The record 14th hurricane of the season had top sustained winds near 80 mph, the National Hurricane Center said. Epsilon was centered about 930 miles west of the Azores on Saturday and moving east at nearly 12 mph.

Bird flu outbreak confirmed in Ukraine

Kiev, Ukraine Ukraine recorded its first bird flu outbreak on Saturday, prompting the president to declare a state of emergency in four Crimean villages where more than 1,600 chickens and geese have died of the disease.

Dead birds found over the past two months in the Black Sea peninsula tested positive for the H5 subtype, officials said. Bird flu had already been detected in neighboring Romania nearly two months ago, and Ukrainian officials scrambled to reassure this nation of 47 million that they were well-prepared.

Ukrainians, meanwhile, began debating whether to stop buying poultry – the only meat many in this poor nation can afford.

Skyscraper suspected as cause of tremors

Taipei, Taiwan The weight of the world’s tallest skyscraper – specially built to withstand Taiwan’s frequent earthquakes – could be causing a rise in the number of tremors beneath it, a professor from the island wrote in a scientific journal.

Lin Cheng-horng, an earthquake specialist at the National Taiwan Normal University in the capital, Taipei, says the 1,679-foot Taipei 101 building – named for the number of floors – might rest on an earthquake fault line.

In the scientific journal Geophysical Research Letters, Lin wrote that the pressure of the building’s 700,000 tons on the ground may be leading to increased seismic activity. The tremors “could be a direct result of the loading of the mega-structure,” said an abstract of Lin’s article, published on the American Geophysical Union’s Web site.

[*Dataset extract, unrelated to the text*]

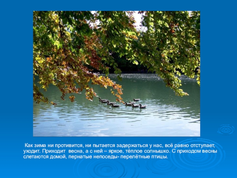 у нас, всё равно отступает, уходит. Приходит весна, а с ней – яркое, тёплое солнышко. С приходом весны слетаются домой, пернатые непоседы- перелётные птицы.

However, Taiwan’s Central Weather Bureau said on Friday that the one year since the building’s completion was too short a time in which to evaluate its effect on tremors.

Early Christmas card sold for $16,000

London A 162-year-old Christmas card – one of the first ever printed – sold at auction Saturday for $16,000.

The hand-colored card, which shows a family celebrating around a table, is one of about 10 surviving from an original batch of 1,000 printed in 1843, auctioneer Henry Aldridge said.

The card was bought at the auction in the town of Devizes in southern England by Jakki Brown, editor and co-owner of Progressive Greetings magazine and general secretary of the Greeting Card Association.